Hello.
Is there further information/documentation about the scope of the data structures (icl_hash (for task and address lookup), bsd_tree (for FIFO and LIFO queues), icl_list, quark) than the actual code at Quark ?
More detail than some of the current working notes that does not include the hashing nor other implementations (trees, queues) would be appreciated.
I have modified the matmul example to call DGEMM from BLAS under ACML (single threaded) and I was able to achieve slightly better performance (83%) than the multithreaded version of ACML (80%) on our latest AMD processors (Interlagos and Abudhabi). I believe though I can get more performance (~90%) out of quark if I understand better the tuning parameters such as sliding window and locality + work stealing.
One comment that catched my attention on the documentation is that it was recommended to use "numactl --interleave=all ./executable".
This makes no sense if you are really trying to leverage locality on a NUMA system. All the theory of work stealing but not stealing tasks that would incur into remote memory accesses goes away if you run threads under a system with interleaved memory configuration.
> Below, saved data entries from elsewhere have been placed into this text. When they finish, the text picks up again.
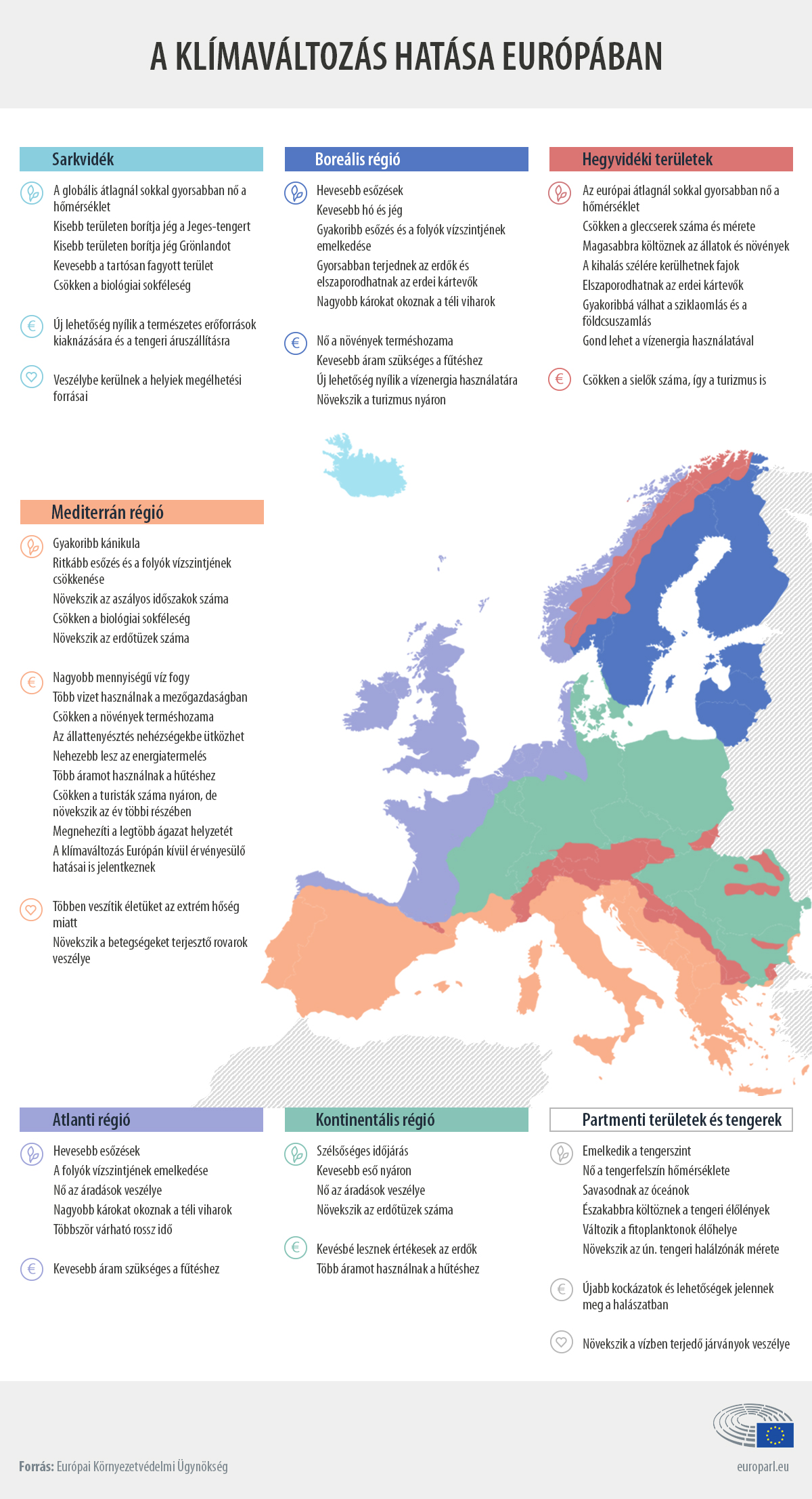 Egyre szélsőségesebbé fog válni az időjárás Európa kontinentális éghajlatú területein, növekedni fog a szárazság, és ezzel párhuzamosan az erdőtüzek veszélye is, de a hirtelen lehulló nagy csapadék is komoly problémákat okozhat – legalábbis ez olvasható ki az Európai Parlament által közzétett infografikán, mely a globális klímaváltozás várható hatásait veszi sorra régiónként.
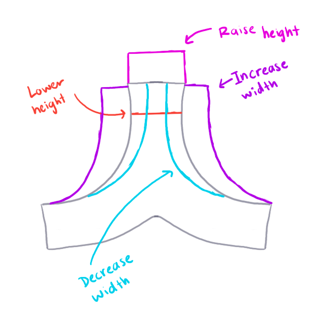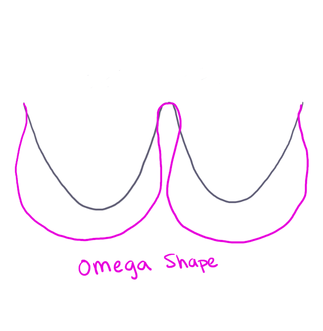 Ah, the infamous omega shape. I went on a side tangent about this issue in my first post, but basically the omega shaped breast looks like the Greek letter omega (Ω): narrow at the root and more bulbous as it extends away from the body. It is not supposed to be a common shape, but it has been hypothesized that a disproportionately large percentage of people who sew their own bras have this shape because they are fed up with how ready to wear bras (don’t) fit. The challenge of fitting this shape is that you will need a much smaller wire line on the frame when compared to the volume of the cups, resulting in a bit of guesswork and a lot of testing. To fit the omega shape it is very important to go through the process of fitting the band first, then testing out the fit of the cups. This shape of breast usually requires more fit samples and adjustments to get a working pattern. The “omega adjustment” is essentially making the cup’s seam line “darts” much larger to shrink the cup down to fit the wire line while preserving the overall cup volume. I have to do this alteration on all of my patterns, so I will go over this more in the next post.
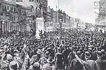 As thousands of demonstrators gathered near the Parish Prison, Pasquale Corte, the Italian consul in New Orleans, sought the help of Louisiana governor Francis T. Nicholls to prevent an outbreak of violence. The governor declined to take any action without a request from Mayor Shakspeare, who had gone out to breakfast and could not be reached.[39] Meanwhile, at the Clay statue, attorney William S. Parkerson was exhorting the people of New Orleans to "set aside the verdict of that infamous jury, every one of whom is a perjurer and a scoundrel."[40] When the speech was over, the multi-racial crowd [41][42][43] marched to the prison, chanting, "We want the Dagoes."[44]
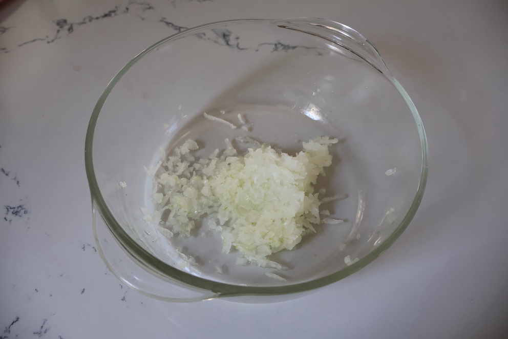 - Wash and finely chop the parsley. Crumble the bread. Grate the garlic.
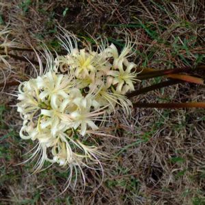 少しクリームがかった曼珠沙華が花水木の下で咲いてます😃

If you run something like DGEMM kernels, definitely, it does not make a big difference to run in interleaved but if you run L[1,2] BLAS kernels, then you raise the level of memory bandwidth requirements so you start being penalized by interleaved configurations.
I want to be able to understand how it is implemented in Quark the work stealing that is cache hierarchy aware.
It should be for instance doable to apply work stealing with not only locality policies but also power policies.
Thanks,
Joshua